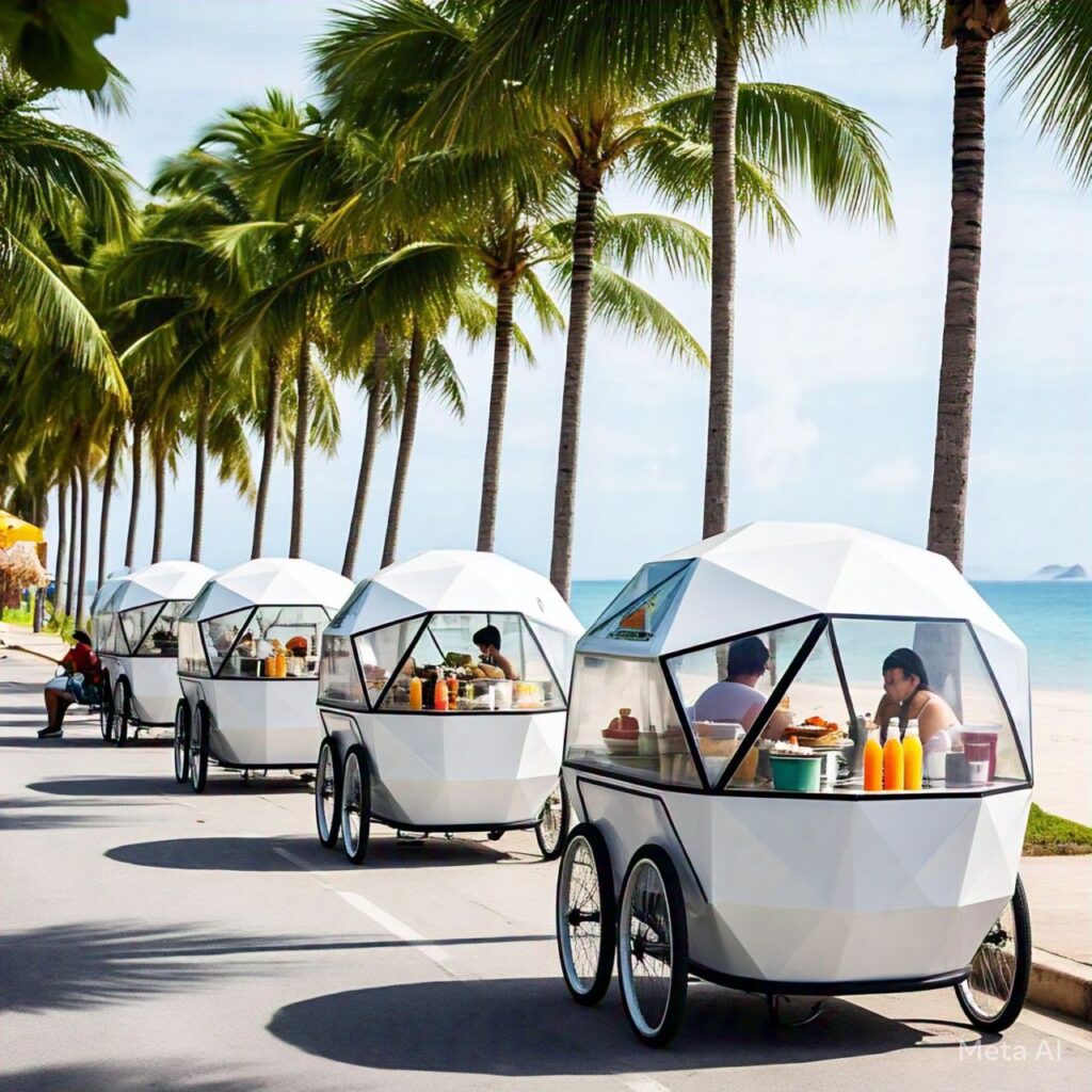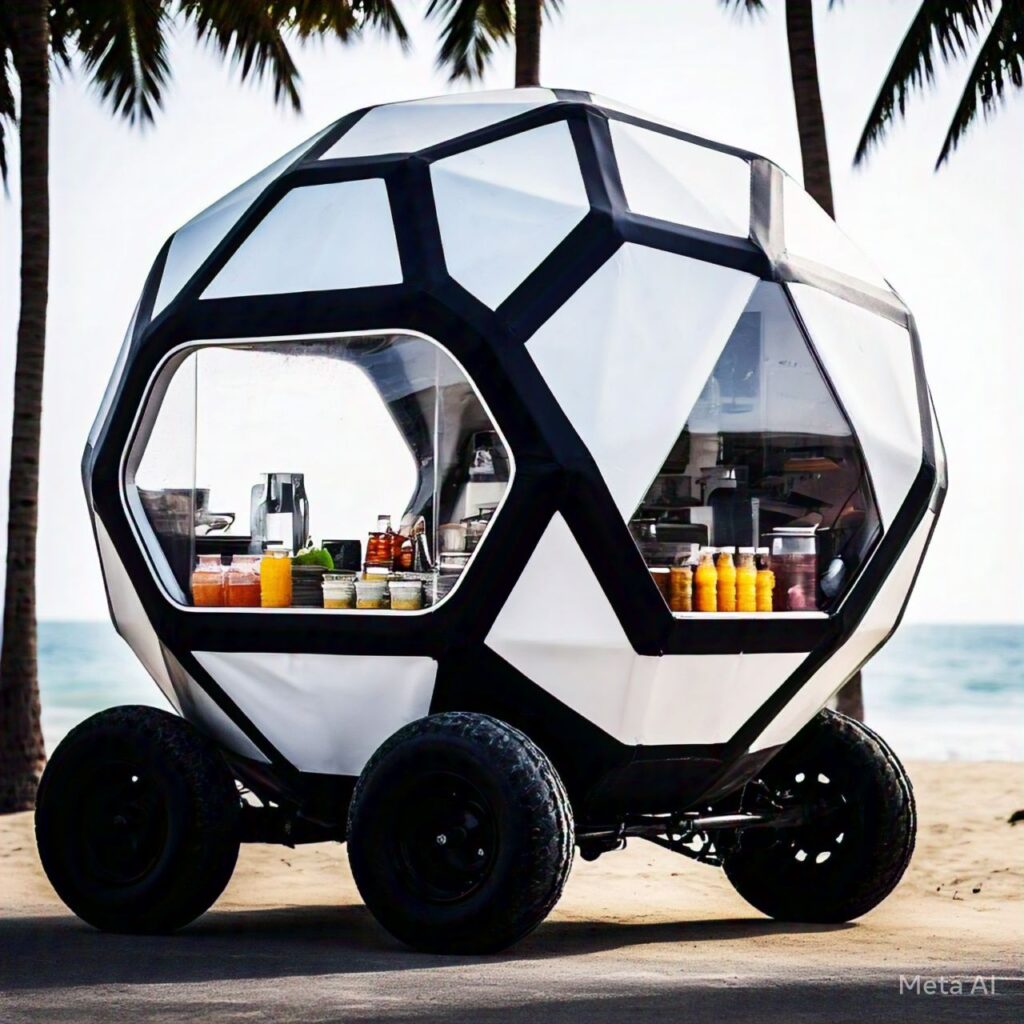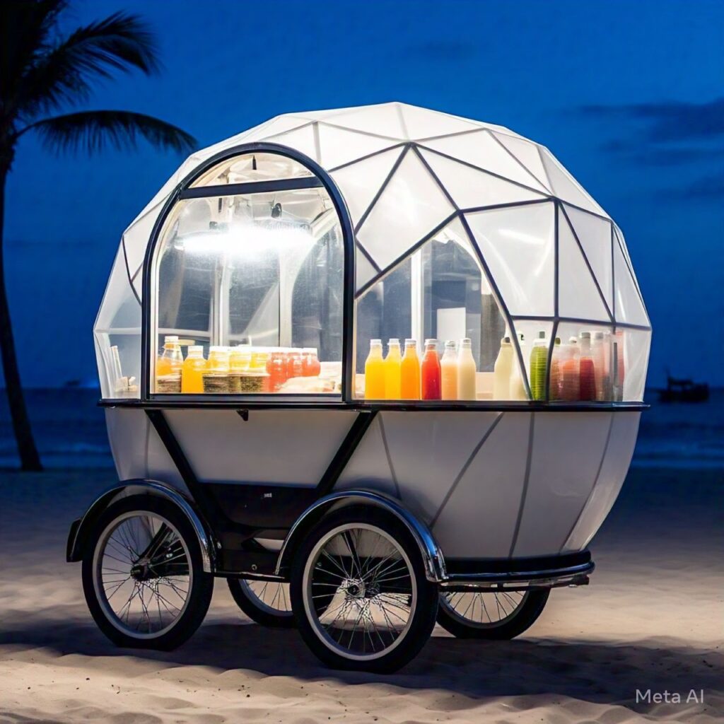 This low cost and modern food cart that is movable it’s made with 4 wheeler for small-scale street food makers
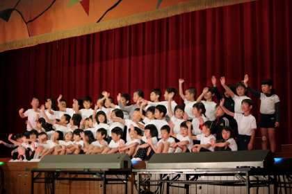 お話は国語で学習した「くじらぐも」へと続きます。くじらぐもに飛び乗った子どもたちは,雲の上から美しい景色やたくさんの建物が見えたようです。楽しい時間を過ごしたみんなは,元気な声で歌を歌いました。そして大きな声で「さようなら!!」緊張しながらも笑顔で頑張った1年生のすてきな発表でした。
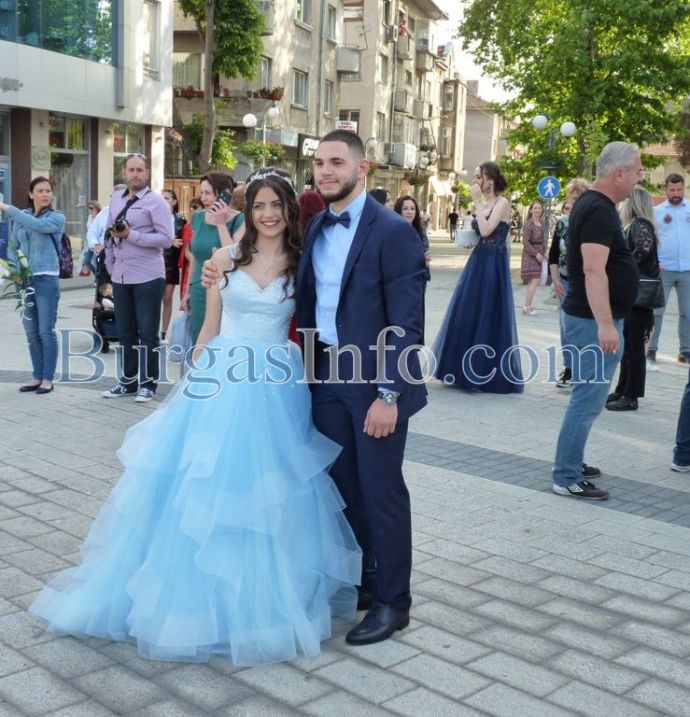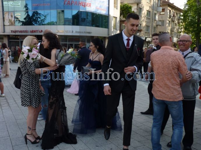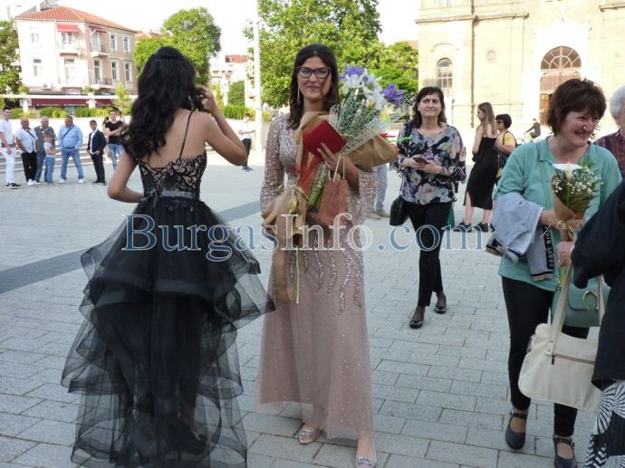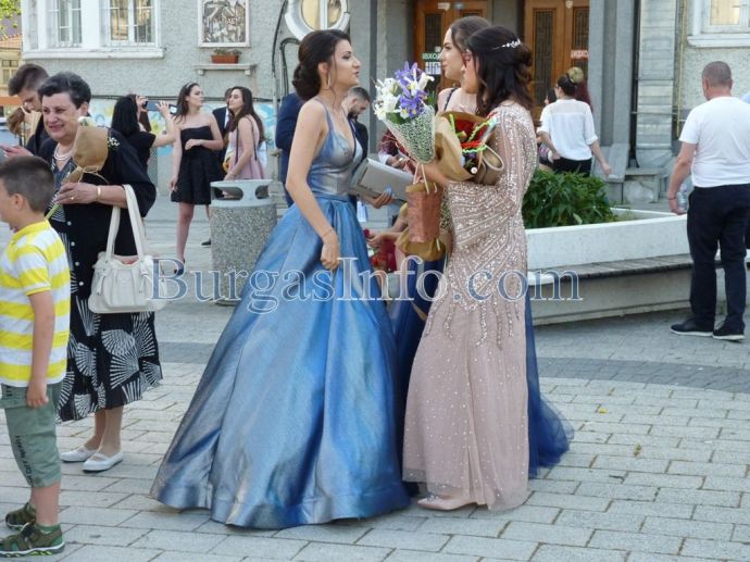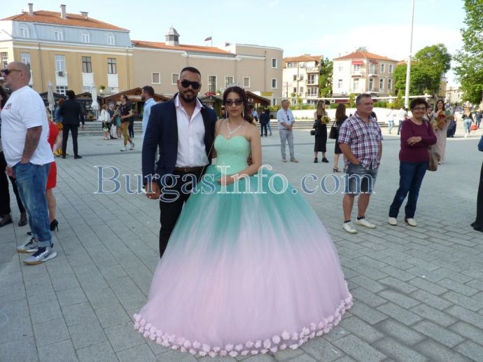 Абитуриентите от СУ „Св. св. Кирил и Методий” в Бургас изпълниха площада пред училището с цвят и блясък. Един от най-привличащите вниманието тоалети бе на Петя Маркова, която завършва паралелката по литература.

■ Problem description ■
Restate word for word the lines running from the first line of the material to the line containing "お話は国語で学習した「くじら", inclusive, and drop every picture.

■ Answer box ■
 This low cost and modern food cart that is movable it’s made with 4 wheeler for small-scale street food makers
 お話は国語で学習した「くじらぐも」へと続きます。くじらぐもに飛び乗った子どもたちは,雲の上から美しい景色やたくさんの建物が見えたようです。楽しい時間を過ごしたみんなは,元気な声で歌を歌いました。そして大きな声で「さようなら!!」緊張しながらも笑顔で頑張った1年生のすてきな発表でした。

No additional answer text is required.